“A dead language is more likely to be understood in exactly the same way in all times and places.” – The Trivium, Sister Miriam Joseph

While reading, I came upon this quote.  Inspiration struck.  Since a fundamental aspect of the current battle being waged between progressives and traditionalists is one of language, wouldn’t a neoreaction be aided immensely through the use of a language which is immutable? I can think of historical examples of languages which, though dead* within their cultures, remained relatively free of linguistic drift.  The best examples are the liturgical languages of the world’s major religions:

  • Classical Arabic – IIRC Muslims are obliged to read the Koran in the original language.
  • Latin – Used in the Catholic Church for centuries, its use for Mass has only recently faded.
  • Pali – In Theravada Buddhism
  • Koine Greek and Church Slavonic (among others) – In Orthodox Christianity
  • Sanskrit – In Hinduism** (although spoken in minor numbers)
  • Classical Hebrew – In Judaism
  • Classical Chinese – Confucian and Taoist texts

Imagine if a document such as the US Constitution was composed in Latin!  While I do admit that various translation errors could crop up, the necessity of studying Latin for constitutional lawyers could impose a strong(er) set of firewalls against legal activism.

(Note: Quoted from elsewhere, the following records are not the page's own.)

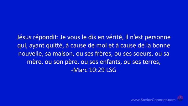 Jésus répondit: Je vous le dis en vérité, il n'est personne qui, ayant quitté, à cause de moi et à cause de la bonne nouvelle, sa maison, ou ses frères, ou ses soeurs, ou sa mère, ou son père, ou ses enfants, ou ses terres, -Marc 10:29 LSG
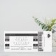 Passen Sie dieses lustige Ticket an und verkünden Sie Ihr Hochzeitsdatum auf fett und einzigartig! Klassisch schwarz-weiß mit Akzenten von Grau. Eine Mischung aus digitalen Schriftart für ein wahrhaftiges Konzert-Ticket-Gefühl. Drucken Sie auf der Rückseite zusätzliche Reise-, Unterkunfts- und/oder UAWG.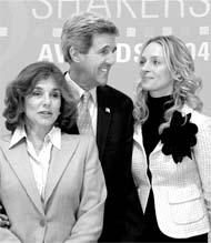 日前,她出席了紐約一個(gè)名為第七屆全年“RedbookMothersand-Shakers”大獎(jiǎng),接受大會(huì)頒贈(zèng)的獎(jiǎng)項(xiàng)。同一場(chǎng)合,與現(xiàn)任美國(guó)總統(tǒng)布什競(jìng)逐下任美國(guó)總統(tǒng)的克里(圖中)也有出席,還與這位巨星一同合照。(鐵巖)

“si bene moratae militie est necesse cujus securitati rei publicae, iure de populo custodire et arma ferre non erit infringere.” ***

Notes:

* There seems to be disagreement about whether languages still in use, actually die.  However, the point is made that there are no “native speakers” of Latin or Church Slavonic.

** Tamil, a very much alive language with over 70 million speakers is also used; furthermore, there appear to be a few tens of thousands of Sanskrit speakers in India.

*** U.S. Const. am. 2, hastily translated by Google Translate.  Maybe inaccurate, mea culpa.  It’s been half a decade since I’ve studied Latin.